The report of the Anti-Torture Committee now makes it clear again that the pushbacks are carried out systematically - and that it is not individual misconduct by individual officers. Apparently there is "a well-established illegal modus operandi for dealing with migrants," the authors write. The government was unable to explain the many injuries suffered by the refugees and is not holding the beating policemen responsible. The results of the investigation have been presented to the government. However, they were "dismissed".

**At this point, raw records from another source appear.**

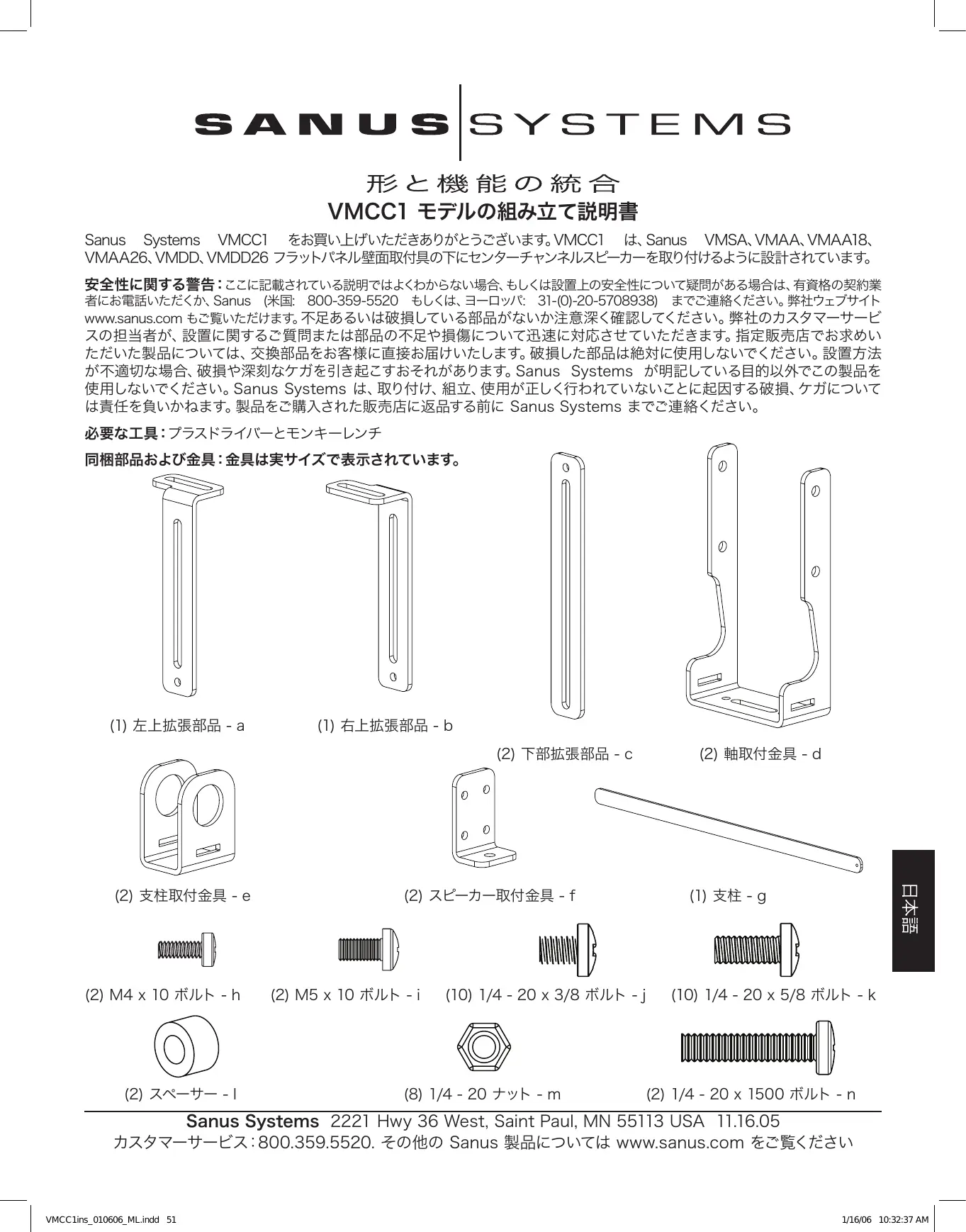 (2) 支柱取付金具 - e (2) M4 x 10 ボルト - h (2) 軸取付金具 - d (2) スピーカー取付金具 - f (2) M5 x 10 ボルト - i (2) スペーサー - l (2) 下部拡張部品 - c (1) 支柱 - g (10) 1/4 - 20 x 3/8 ボルト - j (8) 1/4 - 20 ナット - m (10) 1/4 - 20 x 5/8 ボルト - k (2) 1/4 - 20 x 1500 ボルト - n Sanus Systems 2221 Hwy 36 West, Saint Paul, MN 55113 USA 11.16.05 カスタマーサービス:800.359.5520. その他の Sanus 製品については www.sanus.com をご覧ください VMCC1ins_010606_ML.indd 51 1/16/06 10:32:37 AM
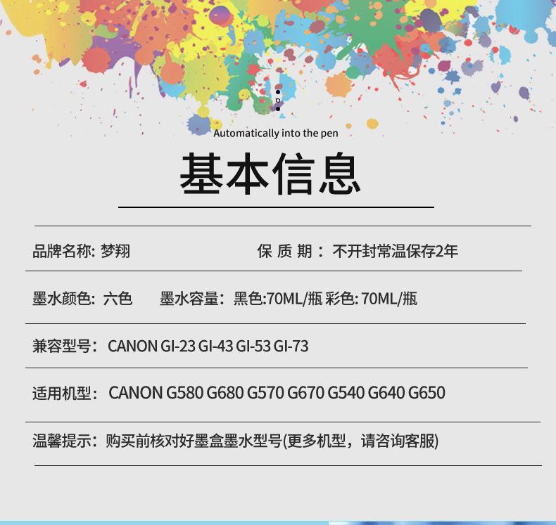 兼容佳能CANON GI-83 GI-73 GI-53 GI43 G580 G680打印机墨水GI83
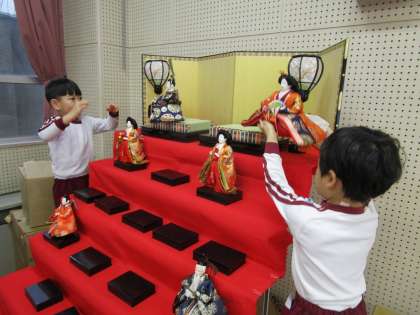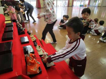 雛人形を飾りました 公開日 2024/02/29 更新日 2024/02/29 幼稚園日記 2月21日(水) そら組、はな組の子どもたちが雛人形を飾ってくれました。 由来や、人形の名前や持ち物を聞いたり、見たりしました。 きれいな人形や道具をそーっと大切に持って、慎重に飾る子どもたち。 3月3日のひな祭りが楽しみですね♪ いいね(0)
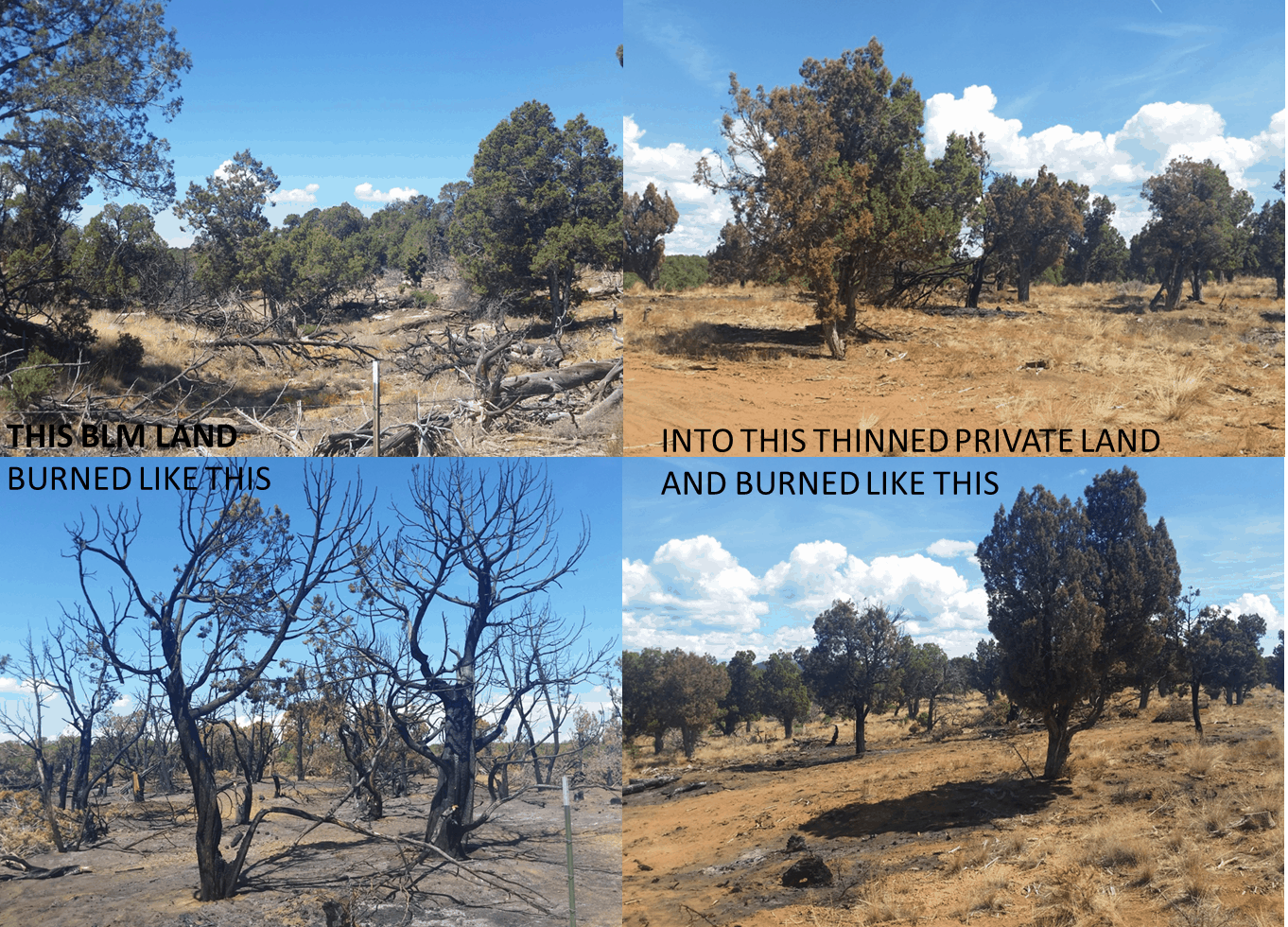A local engine boss elaborated on why the previous week’s fire didn’t grow beyond 3 acres. He said that the BLM land had not been treated in the area where the lightning fire took off in the piñon/ juniper on that red flag day, but it quickly reached a 160-acre parcel owned by a retired park service chap who had drastically thinned his forest. The fire could only throw spots onto his land. The BLM crew went out to take some photos for me. Photos like these help me show the benefits of fuels work.
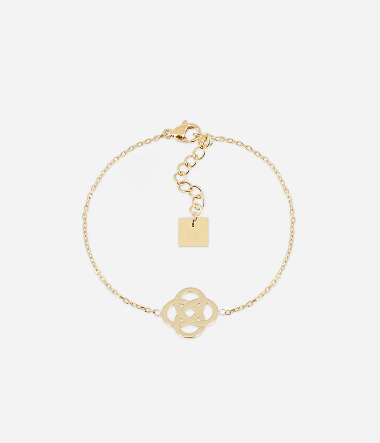 Bracelet en acier uni ou doré à l’or fin avec un empiècement en forme fleur aztèque.
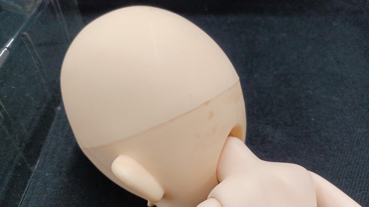 後頭部に粘着テープの痕?が付着しています。 |
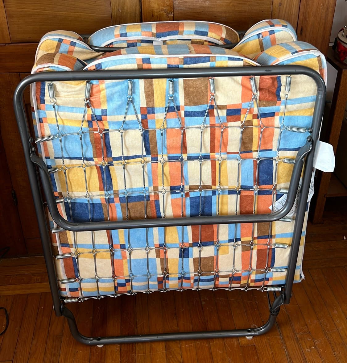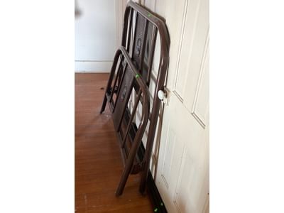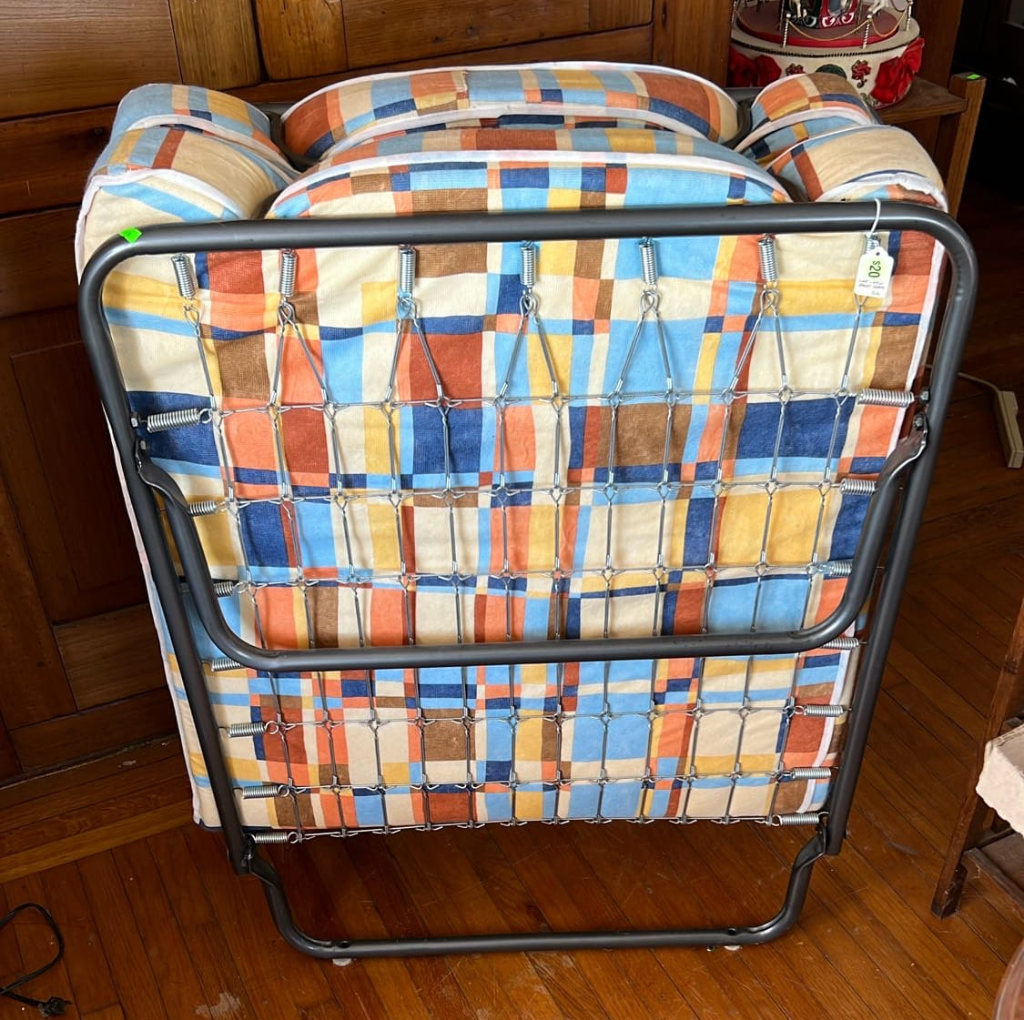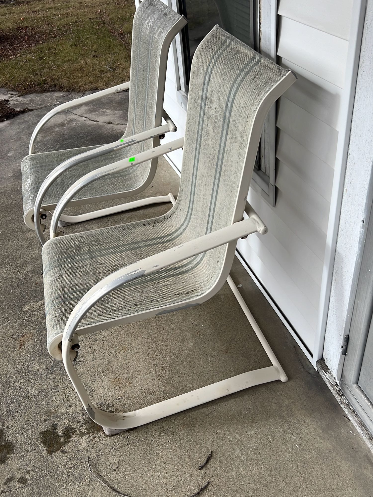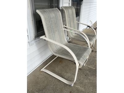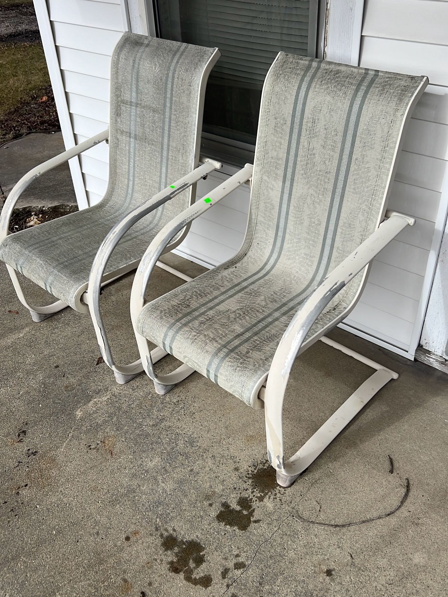 1151 2 Metal Patio chairs with cushions & patio table 20.5”x18.5”

The government's stance is causing unrest even within its own ranks. A former Croatian police officer told SPIEGEL and its research partners Lighthouse Reports, ARD and SRF that he had been banned from preparing official reports on the detention of migrants. "Every time I tried to do that, my boss got very angry," says the man, who wants to remain anonymous for fear of reprisals. However, unofficial notebooks with details of the clandestine operations are in several police stations. Another official confirmed that the Ministry of the Interior was informed of the pushbacks daily through unofficial channels.

The fact that not only the media and NGOs denounce the violent pushbacks, but also the Council of Europe is a problem for the Croatian government.

Croatia has been a member of the EU since 2013 and is determined to become a member of the Schengen area.

France supports the country in this, the illegal pushbacks obviously do not bother President Emmanuel Macron.

Will the traffic light prevent Croatia's entry into Schengen?

The new German government might see it differently.

In the coalition agreement, the traffic light parties warn Croatia indirectly: When expanding the Schengen area, they want to "pay special attention to compliance with the rule of law and humanitarian standards." The decision to admit Croatia to the Schengen area must be made unanimously.

A German veto would mean the end of Croatian plans.

This is probably one of the reasons why Croatia tried for months to prevent the report of the Anti-Torture Committee from being published.

According to the rules of the Council of Europe, Croatia has to consent to the publication.

This is a matter of course among EU countries.

In recent years, autocratically governed states such as Turkey and Russia in particular have prevented critical reports.

more on the subject

  • Access to asylum procedures: Europe is about to abolish refugee protectionA comment by Steffen Lüdke

  • Exclusive videos and insider reports: The shadow army that beats refugees from the EU

  • Secretly recorded pushback videos: Croatian police illegally deport babies, pregnant women and children with disabilitiesBy Steffen Lüdke and Nicole Vögele

The fact that the Anti-Torture Committee was finally able to publish the report is due to a negligence.

The State Secretary of the Croatian Ministry of Interior commented on the investigation in a letter to an NGO, which was subsequently quoted in the Croatian media.

In doing so, it violated the regulations of the Council of Europe - and enabled the committee to publish it.

Despite public pressure, the Croatian authorities appear to be continuing as before.

Residents of the border area and refugees reported to SPIEGEL that the pushbacks were still taking place.

Afghan refugees tell of blows and kicks.

And the anti-torture committee also draws a sobering conclusion.

Reports of serious abuse were also received after the visit.